Professional Practices: Building Audience and Impact* (2 cr)
This practical course equips artists with essential skills for promoting their work and exhibitions in today's multi-platform media landscape. Students will develop comprehensive promotional campaigns for actual exhibitions, learning to effectively communicate their artistic vision across various channels. Participants will master the art of translating complex creative practices into compelling narratives that resonate with diverse audiences.
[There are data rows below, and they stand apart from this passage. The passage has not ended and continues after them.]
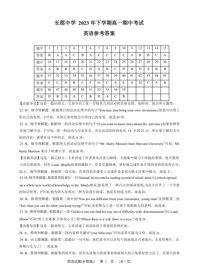 湖南省长沙市长郡中学2023-2024学年高一上学期期中考试英语答案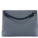 - 时尚轻网布 真牛皮 雷射雕纹 手提单肩包(蓝灰)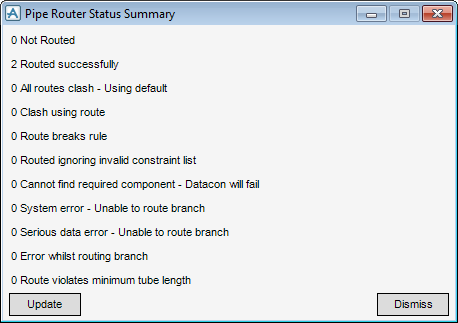 Update and Dismiss at the bottom of the Pipe Router Status Summary window can be used to update the report file or close the Pipe Router Status Summary window.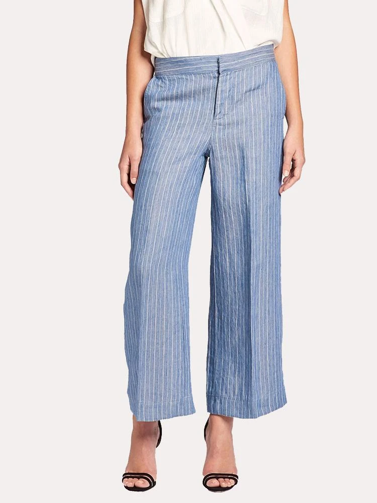FEATURES:Chambray PantCropped CutWide Leg DesignSubtle Stripe PrintFlat FrontElasticated WaistHook and Button with Zip-Fly ClosureSide Seam Pockets, Single Back Welt Pocket100% Linen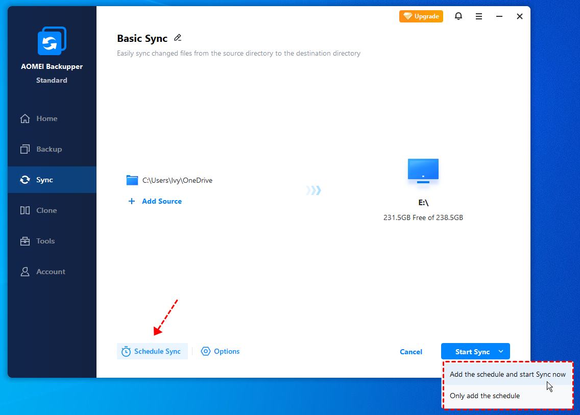 5. After that, click Start Sync > Add the schedule and start sync now or Only add the schedule. Then the contents in the OneDrive folder will be synced to your external drive as you configured.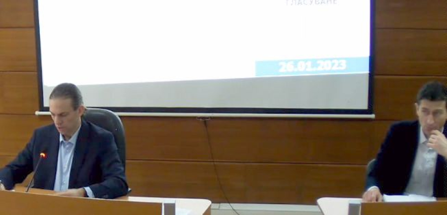 От администрацията в залата бе зам. кметът Васил Александров, с председателя Шиков - двама свързани с ПП-тата отпред.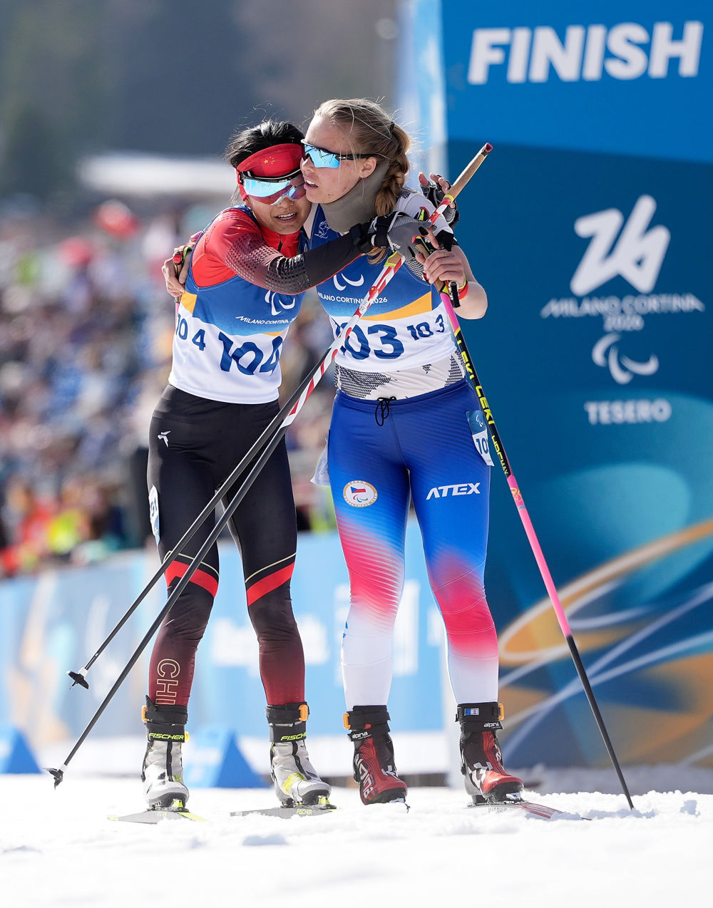 3月13日,中国选手王跃(左)在比赛后与捷克选手卡丽娜·埃德林格罗娃拥抱。当日,在意大利泰塞罗举行的米兰-科尔蒂纳冬残奥会冬季两项女子短距离追逐(视障)比赛中,中国选手王跃获得亚军。新华社记者 侯昭康摄

The course addresses the full spectrum of contemporary art promotion, including crafting artist statements, designing digital content strategies, writing press releases, creating engaging social media content, and building effective email campaigns.
Mentor Group (3 cr)
This graduate-level MFA course establishes an intimate, sustained mentorship model where small cohorts of 4-6 students work closely with an accomplished practicing artist throughout the semester. Mentors provide critical perspective, technical guidance, and professional insights while helping students identify and articulate the core questions driving their practice. The mentor groups create a focused environment for deep artistic development through personalized guidance, collaborative dialogue, and peer exchange. They serve as a professional model for sustainable artistic community and mutual support beyond graduate school.n text goes here
In the sample student track above an asterix (*) indicates rotating courses in Art History and Special Projects that may not be offered each semester.
A typical student schedule will include 10 credits of coursework each Fall and Spring semester. Students may elect to take on a heavier course load.
This is not a cohort-based program. Students will not move through the program with one group, but instead will take classes with different configurations of students in all years of the program.